Data to examine:

□ □ □ □ □ □ □

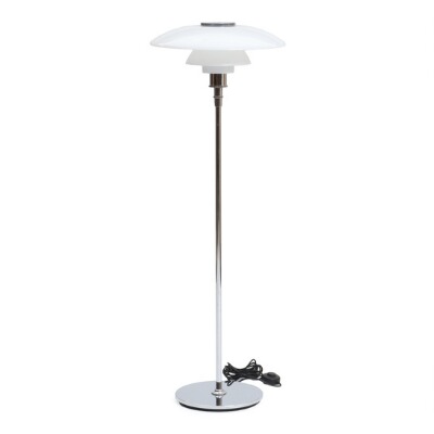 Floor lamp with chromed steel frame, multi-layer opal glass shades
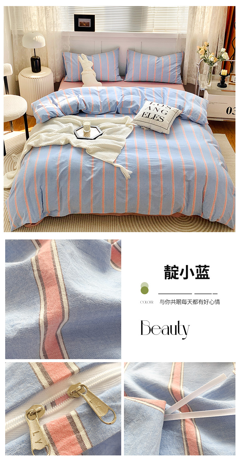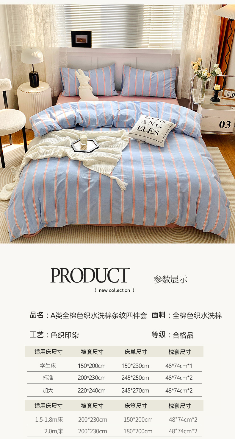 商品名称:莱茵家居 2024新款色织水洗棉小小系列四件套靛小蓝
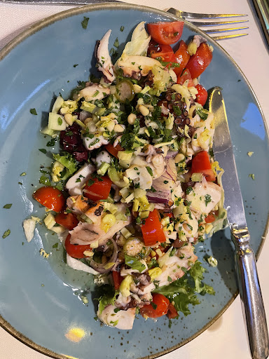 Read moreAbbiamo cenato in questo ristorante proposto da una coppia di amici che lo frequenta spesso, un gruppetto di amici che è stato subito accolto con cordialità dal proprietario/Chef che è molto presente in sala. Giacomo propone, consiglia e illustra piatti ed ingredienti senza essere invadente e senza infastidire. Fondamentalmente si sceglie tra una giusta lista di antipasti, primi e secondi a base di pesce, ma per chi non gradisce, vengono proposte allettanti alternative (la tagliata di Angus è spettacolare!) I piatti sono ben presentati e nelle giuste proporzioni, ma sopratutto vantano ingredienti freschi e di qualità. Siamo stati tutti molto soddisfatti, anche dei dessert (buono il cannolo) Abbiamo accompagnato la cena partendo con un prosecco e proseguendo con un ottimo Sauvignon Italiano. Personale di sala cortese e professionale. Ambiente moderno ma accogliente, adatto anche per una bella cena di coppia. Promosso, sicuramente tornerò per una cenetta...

□ □ □ □ □ □ □

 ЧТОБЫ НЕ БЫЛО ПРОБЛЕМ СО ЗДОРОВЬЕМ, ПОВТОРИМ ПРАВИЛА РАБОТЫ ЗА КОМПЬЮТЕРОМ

□ □ □ □ □ □ □

Exercise brief: Starting at the line containing "Floor lamp with" and finishing at the line containing "商品名称:莱茵家居 2024新款色织水洗棉小小系列四件套靛小蓝", return those lines exactly as they appear above, without the pictures.

Solution below:
 Floor lamp with chromed steel frame, multi-layer opal glass shades
 商品名称:莱茵家居 2024新款色织水洗棉小小系列四件套靛小蓝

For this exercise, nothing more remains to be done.